Source records:
* * * * *

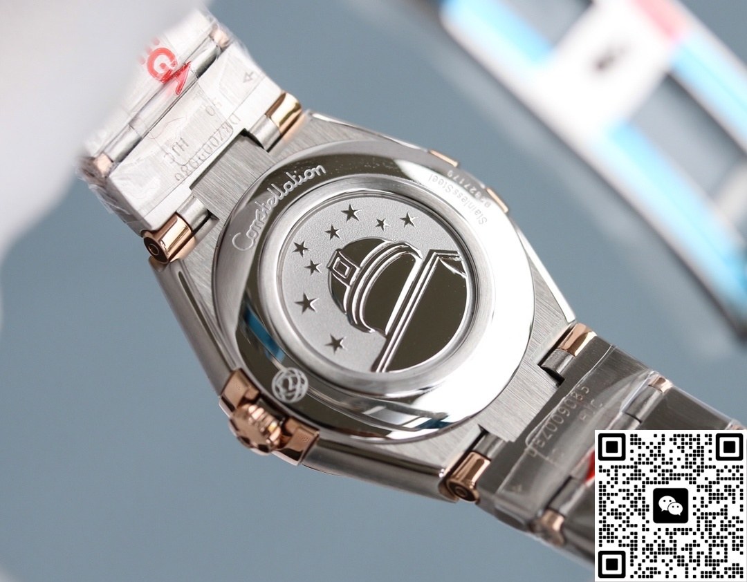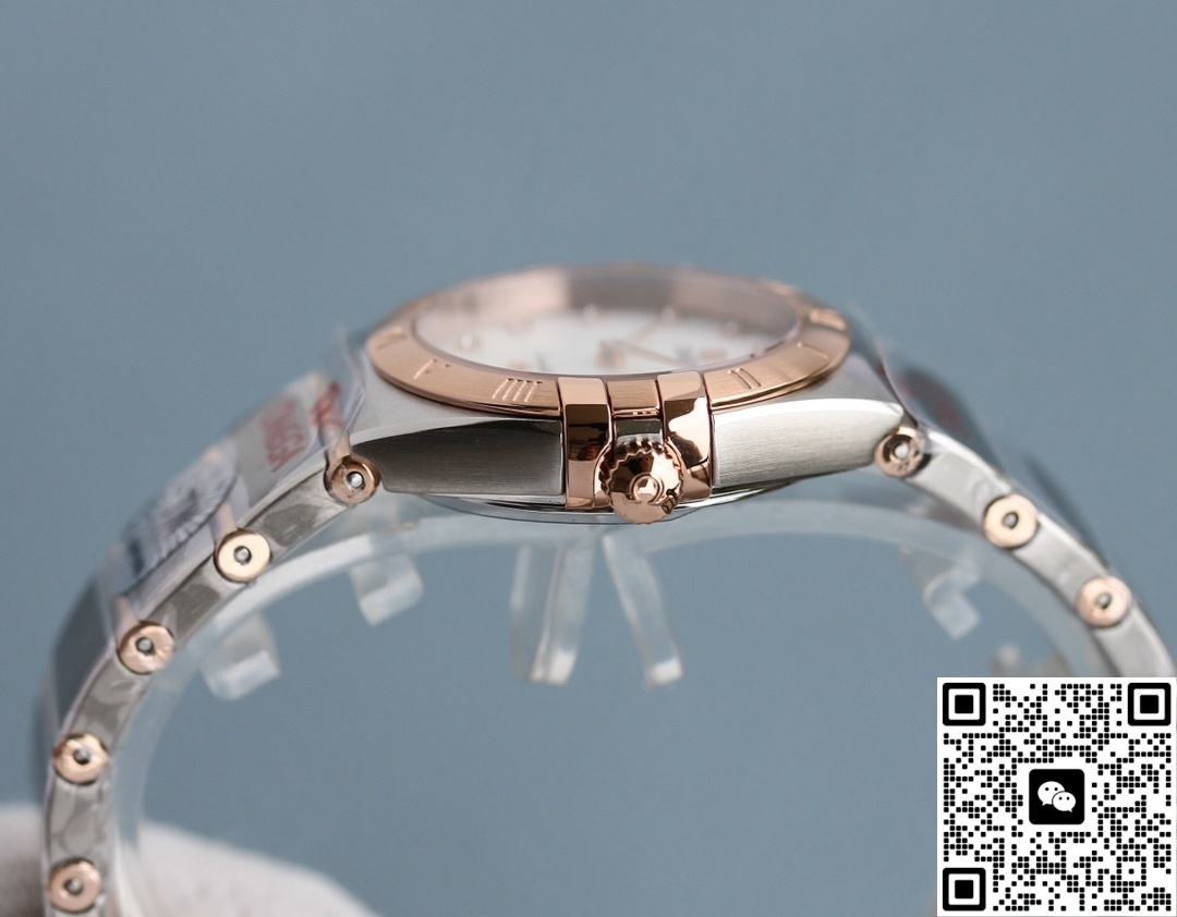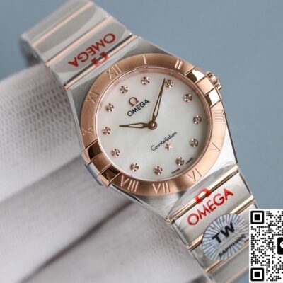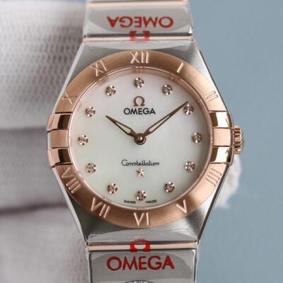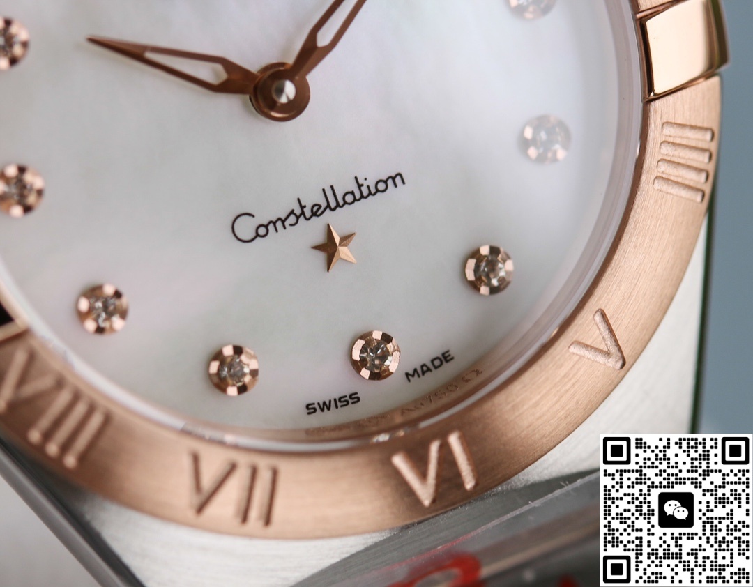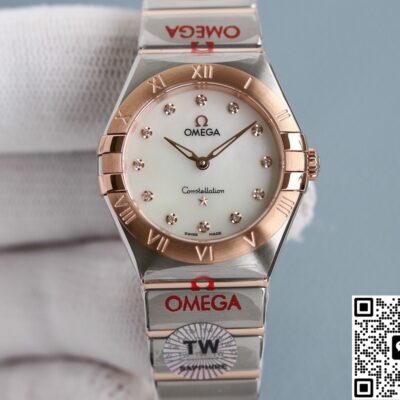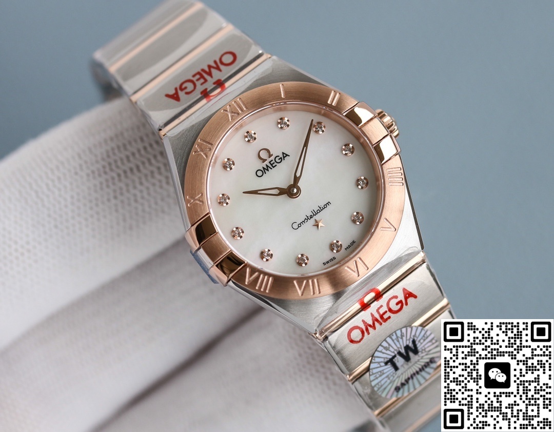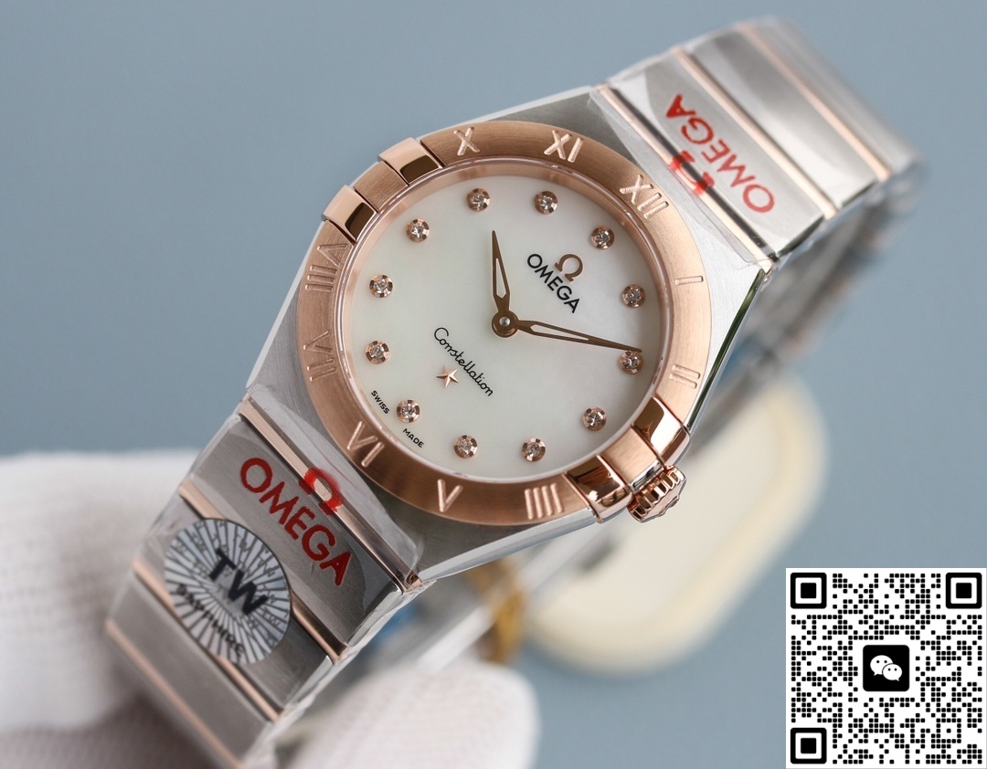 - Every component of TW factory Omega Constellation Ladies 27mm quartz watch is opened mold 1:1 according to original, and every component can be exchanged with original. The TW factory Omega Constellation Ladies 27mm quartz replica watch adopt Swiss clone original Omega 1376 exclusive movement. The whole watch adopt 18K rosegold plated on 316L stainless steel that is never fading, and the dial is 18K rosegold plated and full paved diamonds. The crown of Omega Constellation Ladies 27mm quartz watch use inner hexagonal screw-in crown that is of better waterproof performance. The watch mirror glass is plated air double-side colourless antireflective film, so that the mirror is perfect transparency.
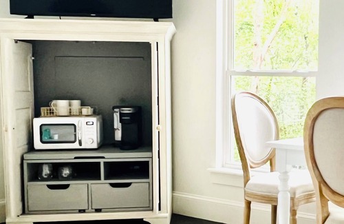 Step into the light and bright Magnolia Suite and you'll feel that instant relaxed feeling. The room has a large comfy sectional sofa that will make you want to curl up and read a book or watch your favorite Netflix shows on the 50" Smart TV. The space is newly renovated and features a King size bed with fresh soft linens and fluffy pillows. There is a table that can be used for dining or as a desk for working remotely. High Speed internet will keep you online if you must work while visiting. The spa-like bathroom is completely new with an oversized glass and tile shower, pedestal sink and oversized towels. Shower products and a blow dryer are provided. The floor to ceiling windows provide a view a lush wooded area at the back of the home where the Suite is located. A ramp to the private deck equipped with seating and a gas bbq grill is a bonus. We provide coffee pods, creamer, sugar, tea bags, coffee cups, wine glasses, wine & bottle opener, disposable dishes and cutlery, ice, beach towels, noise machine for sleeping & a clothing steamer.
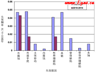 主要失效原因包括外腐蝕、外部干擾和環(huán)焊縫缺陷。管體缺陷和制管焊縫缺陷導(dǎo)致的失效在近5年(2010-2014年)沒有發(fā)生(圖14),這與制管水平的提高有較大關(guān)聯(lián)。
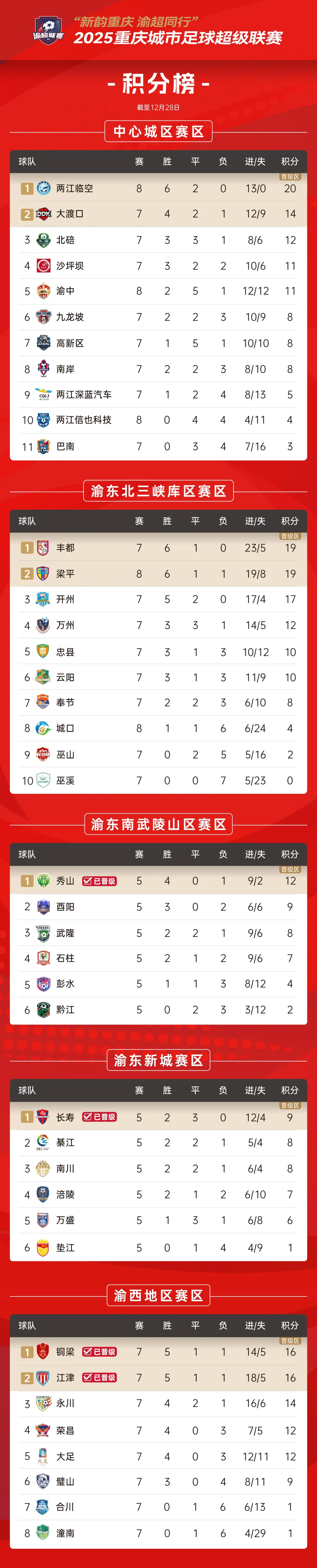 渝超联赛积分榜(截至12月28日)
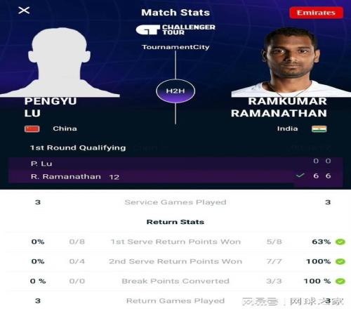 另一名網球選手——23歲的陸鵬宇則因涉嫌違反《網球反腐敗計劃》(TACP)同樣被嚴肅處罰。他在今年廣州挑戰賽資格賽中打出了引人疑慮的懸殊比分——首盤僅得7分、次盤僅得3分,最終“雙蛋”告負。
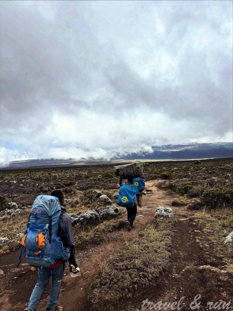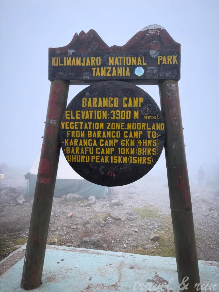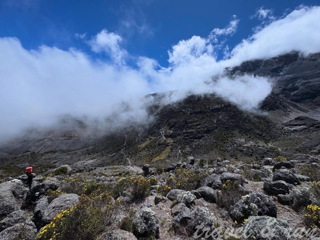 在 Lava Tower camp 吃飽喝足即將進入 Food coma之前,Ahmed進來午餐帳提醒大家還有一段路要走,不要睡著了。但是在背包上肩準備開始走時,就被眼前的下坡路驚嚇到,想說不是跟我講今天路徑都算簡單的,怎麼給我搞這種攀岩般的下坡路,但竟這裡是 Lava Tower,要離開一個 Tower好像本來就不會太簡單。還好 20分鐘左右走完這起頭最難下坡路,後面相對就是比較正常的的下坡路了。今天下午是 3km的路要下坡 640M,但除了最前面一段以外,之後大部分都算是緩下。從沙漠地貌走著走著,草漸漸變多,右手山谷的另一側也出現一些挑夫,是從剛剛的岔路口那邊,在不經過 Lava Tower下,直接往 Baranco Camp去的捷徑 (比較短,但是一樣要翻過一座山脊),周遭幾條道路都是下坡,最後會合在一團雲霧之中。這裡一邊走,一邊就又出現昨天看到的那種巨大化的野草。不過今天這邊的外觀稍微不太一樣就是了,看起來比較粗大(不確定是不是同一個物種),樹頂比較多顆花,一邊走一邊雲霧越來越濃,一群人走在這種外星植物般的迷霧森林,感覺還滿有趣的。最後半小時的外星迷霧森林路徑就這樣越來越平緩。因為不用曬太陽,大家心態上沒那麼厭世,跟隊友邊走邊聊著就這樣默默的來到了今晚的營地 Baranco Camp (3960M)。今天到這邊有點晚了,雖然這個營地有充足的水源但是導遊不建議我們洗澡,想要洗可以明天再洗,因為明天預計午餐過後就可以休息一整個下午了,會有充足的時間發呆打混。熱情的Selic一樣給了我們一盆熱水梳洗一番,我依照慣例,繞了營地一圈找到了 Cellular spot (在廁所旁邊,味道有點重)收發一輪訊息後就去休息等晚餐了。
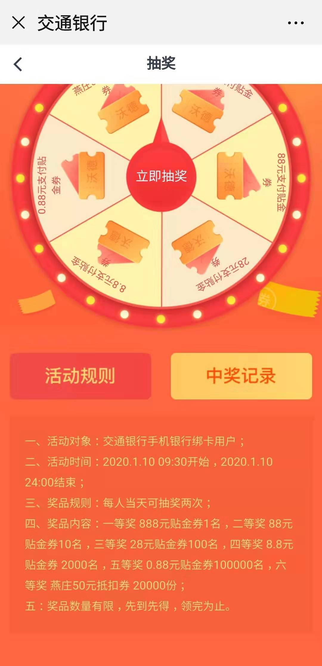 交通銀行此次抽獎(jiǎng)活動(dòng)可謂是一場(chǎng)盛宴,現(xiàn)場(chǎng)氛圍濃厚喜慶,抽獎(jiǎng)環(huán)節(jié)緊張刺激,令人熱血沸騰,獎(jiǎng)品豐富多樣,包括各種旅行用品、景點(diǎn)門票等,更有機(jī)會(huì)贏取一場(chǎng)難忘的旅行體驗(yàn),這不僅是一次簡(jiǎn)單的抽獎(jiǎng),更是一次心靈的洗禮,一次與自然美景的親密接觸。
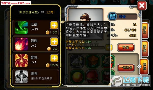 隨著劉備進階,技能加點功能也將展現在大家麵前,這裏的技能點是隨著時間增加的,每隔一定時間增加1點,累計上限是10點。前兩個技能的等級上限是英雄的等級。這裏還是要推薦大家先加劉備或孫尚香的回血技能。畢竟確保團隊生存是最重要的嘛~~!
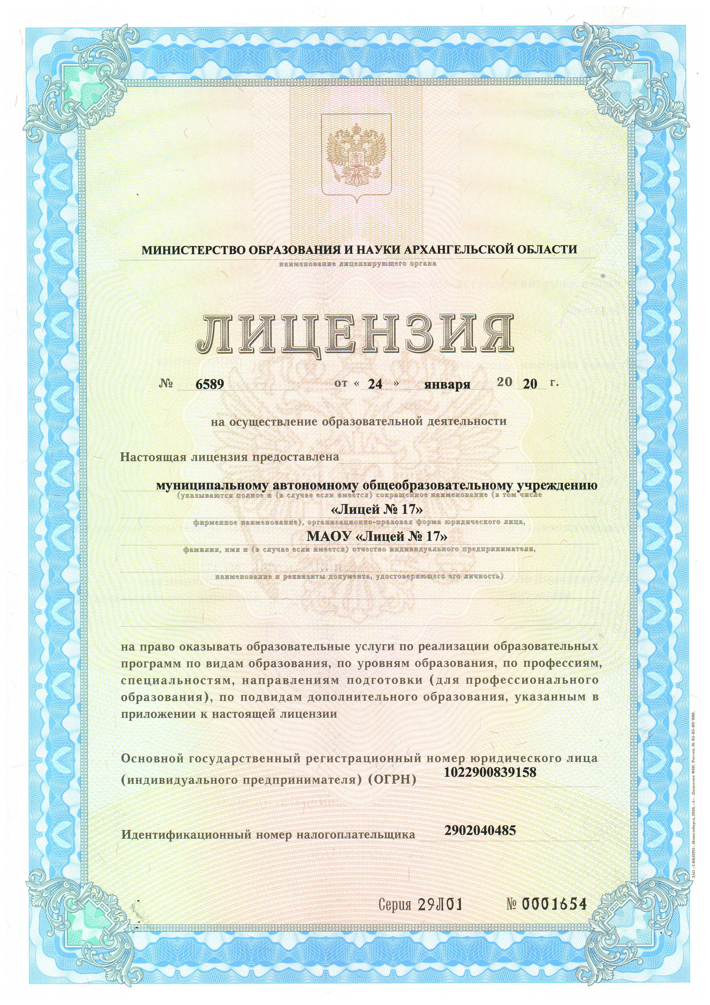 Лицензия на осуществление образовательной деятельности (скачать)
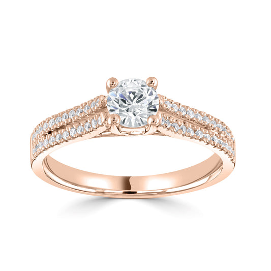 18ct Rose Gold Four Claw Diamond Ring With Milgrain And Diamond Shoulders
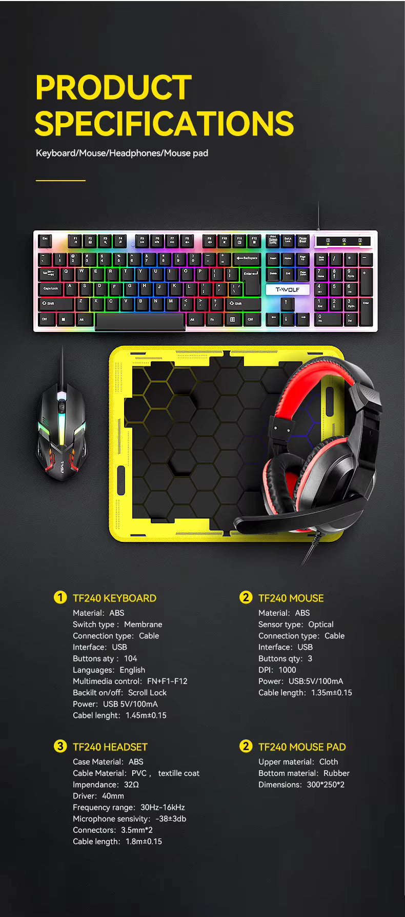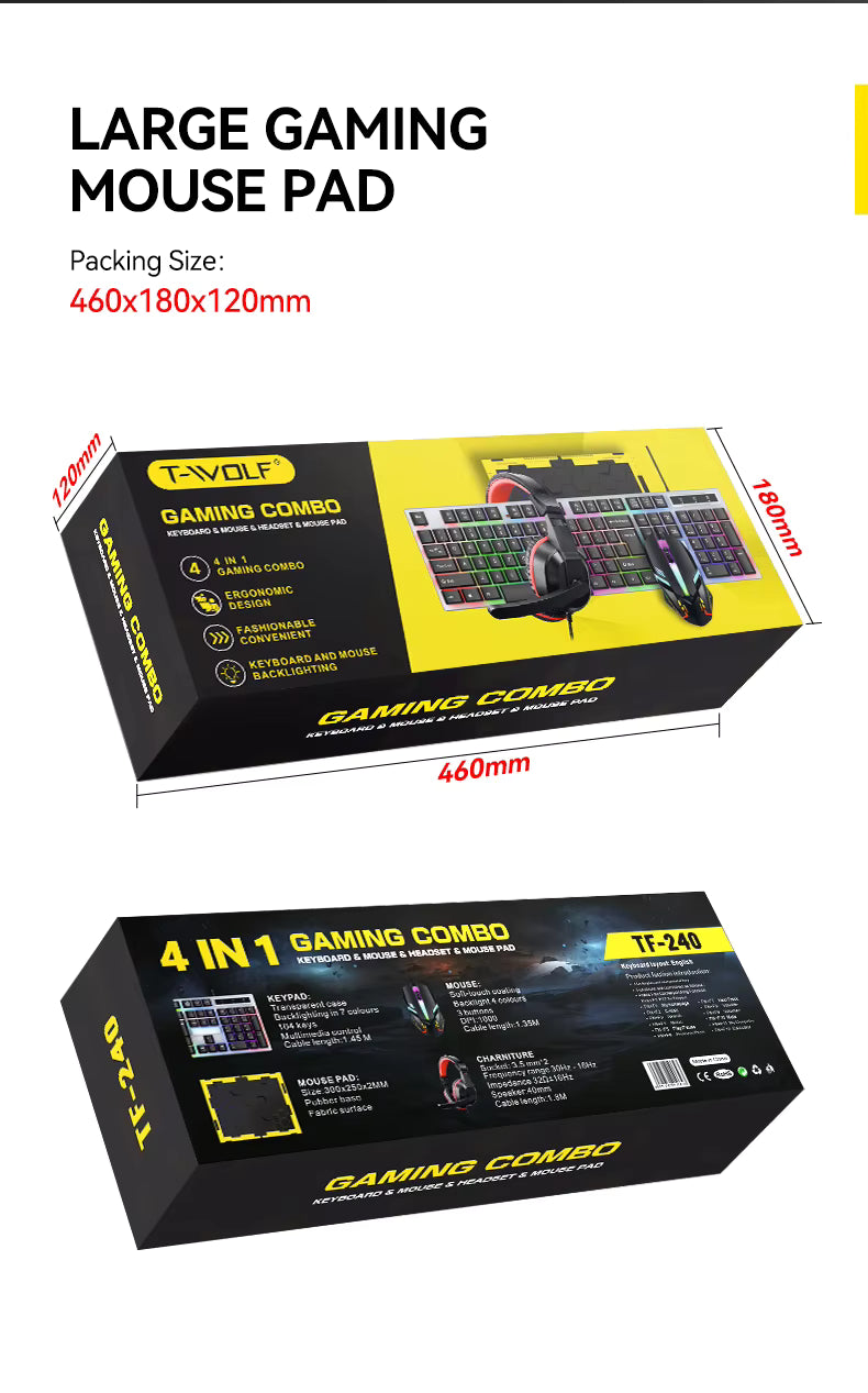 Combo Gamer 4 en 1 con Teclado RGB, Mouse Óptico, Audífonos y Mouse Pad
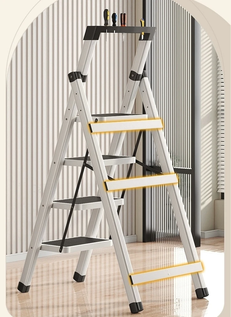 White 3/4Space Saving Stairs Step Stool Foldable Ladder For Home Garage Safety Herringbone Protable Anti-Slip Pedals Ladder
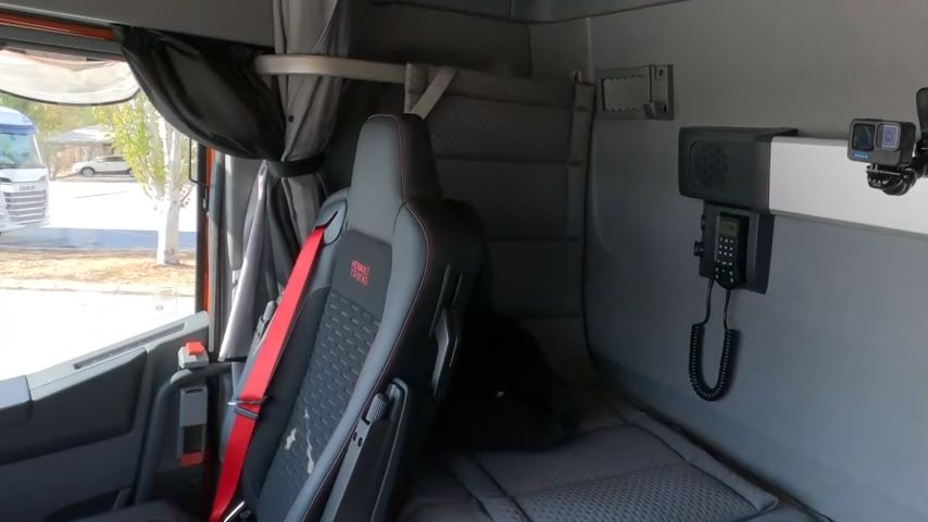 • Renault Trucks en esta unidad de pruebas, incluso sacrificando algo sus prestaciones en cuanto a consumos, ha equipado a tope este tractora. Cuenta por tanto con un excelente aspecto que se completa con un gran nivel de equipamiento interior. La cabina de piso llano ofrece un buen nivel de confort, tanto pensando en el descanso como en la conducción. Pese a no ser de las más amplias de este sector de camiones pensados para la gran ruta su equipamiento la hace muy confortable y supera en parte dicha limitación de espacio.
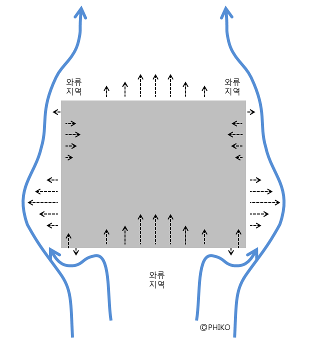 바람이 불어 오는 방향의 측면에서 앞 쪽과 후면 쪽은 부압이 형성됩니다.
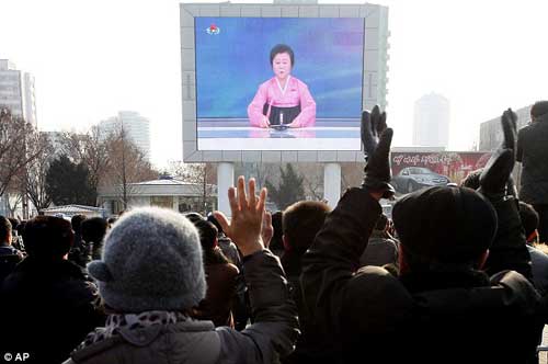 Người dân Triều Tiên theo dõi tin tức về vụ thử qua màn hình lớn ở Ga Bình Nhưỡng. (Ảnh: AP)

* * * * *

**WORK INSTRUCTIONS**: Transcribe, word for word, the stretch of lines in the data above from the one with "Combo Gamer 4" through the one with "바람이 불어 오는 방향의 측면에서 앞 쪽과 후면 쪽은 부압이 형성됩니다."; omit all pictures.

**SOLUTION BELOW**:
 Combo Gamer 4 en 1 con Teclado RGB, Mouse Óptico, Audífonos y Mouse Pad
 White 3/4Space Saving Stairs Step Stool Foldable Ladder For Home Garage Safety Herringbone Protable Anti-Slip Pedals Ladder
 • Renault Trucks en esta unidad de pruebas, incluso sacrificando algo sus prestaciones en cuanto a consumos, ha equipado a tope este tractora. Cuenta por tanto con un excelente aspecto que se completa con un gran nivel de equipamiento interior. La cabina de piso llano ofrece un buen nivel de confort, tanto pensando en el descanso como en la conducción. Pese a no ser de las más amplias de este sector de camiones pensados para la gran ruta su equipamiento la hace muy confortable y supera en parte dicha limitación de espacio.
 바람이 불어 오는 방향의 측면에서 앞 쪽과 후면 쪽은 부압이 형성됩니다.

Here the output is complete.